Pathway analysis based on Genome-Wide Association Studies (GWAS) data has become popular as a secondary analysis strategy. Although many pathway analysis tools have been developed for case-control studies, there is no tool that can use all information from raw genotypes in general nuclear families. We developed Pathway-PDT, which uses the framework of Pedigree Disequilibrium Test (PDT) for general family data, to perform pathway analysis based on raw genotypes in family-based GWAS.

Results

Simulation results showed that Pathway-PDT is more powerful than the p-value based method, ALIGATOR. Pathway-PDT also can be more powerful than the PLINK set-based test when analyzing general nuclear families with multiple siblings or missing parents. Additionally, Pathway-PDT has a flexible and convenient user interface, which allows users to modify their analysis parameters as well as to apply various types of gene and pathway definitions.

Conclusions

The Pathway-PDT method is implemented in C++ with POSIX threads and is computationally feasible for pathway analysis with large scale family GWAS datasets. The Windows binary along with Makefile and source codes for the Linux are available at https://sourceforge.net/projects/pathway-pdt/.

Background

Genome-wide association studies (GWAS) have been successful in identifying single nucleotide polymorphisms (SNPs) associated with complex diseases [1, 2]. Almost a million or even several millions of SNPs are densely genotyped across the genome for GWAS, and single-SNP association tests are performed to identify individual SNPs with marginal effects on the disease. Nonetheless, GWAS may lose power for identifying disease loci due to the stringent significance threshold required for multiple testing correction for the multitude of SNPs tested [3]. For a complex disease that is expected to be caused by the joint effects of multiple genes, statistical power can be increased if the joint effects are considered in the test.

Statistical pathway analysis based on GWAS data has become a popular secondary analysis strategy [4-6]. Combining single-SNP association tests within a pathway in statistical tests can help identify the joint effects of genetic variations underlying complex disease susceptibility that were difficult to find using the single-SNP association tests alone. Current pathway analysis approaches can be classified into two types, the self-contained test and the competitive test, based on their null hypotheses [7]. The self-contained test compares the test statistics for genes in a given pathway to the test statistics for the same genes under the null. The competitive test compares the test statistics for genes in a given pathway to test statistics for other genes in the genome [8]. Either SNP p-values or raw genotypes are expected by current pathway analysis methods for GWAS. The advantages for p-value based methods (i.e. methods accepting SNP p-values) include the flexibility for accommodating different study designs such as unrelated case-control and family-based studies. Moreover, data sharing for a list of p-values is easier than individual raw genotypes when a joint analysis is performed to combine different datasets in a consortium. The major advantage for raw-genotype based methods is that permutations can be performed (by either permuting phenotypes or genotypes under the null) to account for linkage disequilibrium (LD) structures among SNPs and for different gene and pathway sizes [8].

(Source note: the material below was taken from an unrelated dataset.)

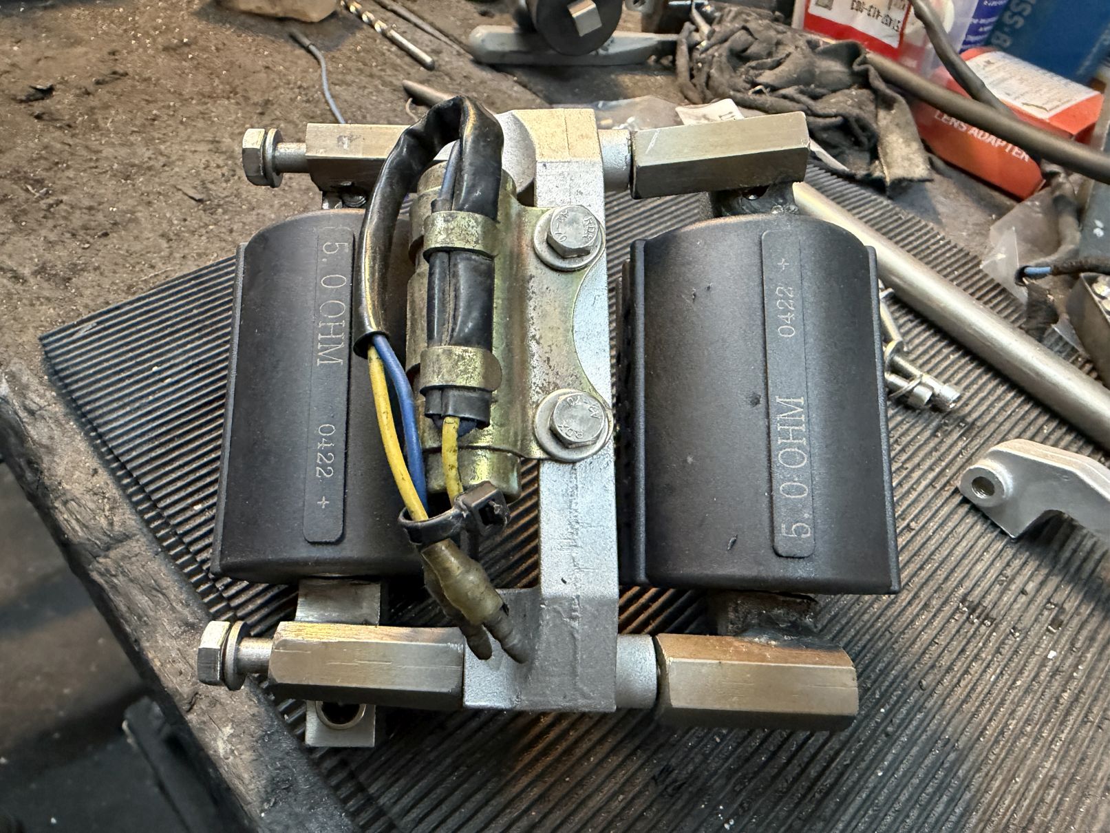 28.02.2026 - Zeit wird's, wieder an der Honda zu arbeiten - wir haben abgewartet, bis die Temperaturen wieder ertäglich sind. Bei Dieter werden die Zündspulen mitsamt Halterung aus dem Mopped ausgebaut, dann dackeln wir in meinen Bastel- keller. Zuerst wird der Gabelholm zusammengebaut, mit neuem Simmerring und neuem Dämpfer-"Kolbenring". Die Zündspulen machen viel, viel mehr Arbeit: Die neuen Spulen haben zwar fast die gleichen Abmessungen, aber die Befesti- gungsbohrungen passen nicht, also müssen wir praktisch ähnliche Halterungen anfertigen wie an meiner CB. Die alte Halterung der Spulen taugt nur zum Maß- nehmen, wir nehmen 5mm VA Blech und VA Sechskantstäbe, dann wird gemessen, gesägt, gebohrt, geschweißt, geflext und Gewinde geschnitten, bis die Spulen an die Rahmenbefestigung passen sollten, nach über 5 Stunden (!) sind wir endlich fertig, nicht, ohne am Ende kurz zu zweifeln, ob wir nicht doch noch einen Fehler gemacht haben - das stimmt zum Glück nicht, aber es ist ein deutliches Signal, das wir zu viel Zeit im Bastelkeller verbracht haben und die Zelte abbrechen müssen. Aber wir habens's geschafft, nun müssen der Gabelholm und die neuen Spulen "nur noch" angebaut werden, mal sehen, wann wir Zeit haben und das Wetter passt.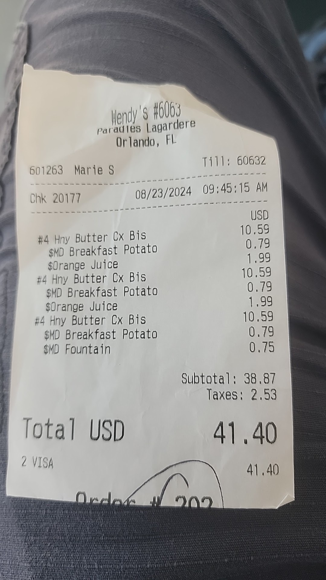 The food was fresh, and the crew was friendly, but be ready to be overcharged w/o your consent. My kids and I got a breakfast combo that was listed on the sign as $10.69, expensive but not outrageous as airport prices go. Then we were charged an ADDITIONAL $1.99 each to change 2 of our drinks to orange juice (somewhat understandable but still weren't informed). But the real kicker was, they charged my son an extra $.75 for getting a fountain drink, and all three of us an extra $.79 each for "MD Breakfast Potato". I guess the drink and potato are not included in the upcharge from a $6.99 sandwich to a $10.79 combo, despite clearly being pictured in the combo sign? So it is literally anywhere from $6 to $8 for your drink and potato wedges. As a loyal Wendy's customer for 40+ years, it is incredibly disappointing to be blatantly robbed by a company I hold in high esteem, at least as far as fast food goes. I will never patronize the Orlando Airport Wendy's again. At least the Wendy's near my...

Most of the currently available software packages for pathway analysis are designed for case-control studies or are restricted to use trios (two parents and one affected sib) [4, 9, 10]. PLINK [11] provides a set-based test based on the Transmission Disequilibrium Test (TDT) [12] statistics, which can be used for family-based pathway association analysis. The set-based test is restricted to use trio families with parents, as parental genotypes are required for the TDT statistics calculations. The user has to use external bioinformatics tools such as the UCSC genome browser [13] to map SNPs to genes and generate a set of SNP IDs in a pathway for the set-based test, which can increase analysis difficulty. GenGen, implementing Wang’s method [10], is another tool for family-based pathway analysis. GenGen, which is also based on the TDT statistics, has the same restriction of using trio families. Several complex disease studies involve nuclear families with multiple affected and unaffected siblings, such as the autism GWAS data publicly available through the Autism Genetic Resources Exchange (AGRE) consortium (http://research.agre.org). Moreover, for late-onset diseases such as Alzheimer disease, parental genotypes are often missing. Statistical power for the PLINK set-based test and the GenGen test can be reduced for analyzing such families.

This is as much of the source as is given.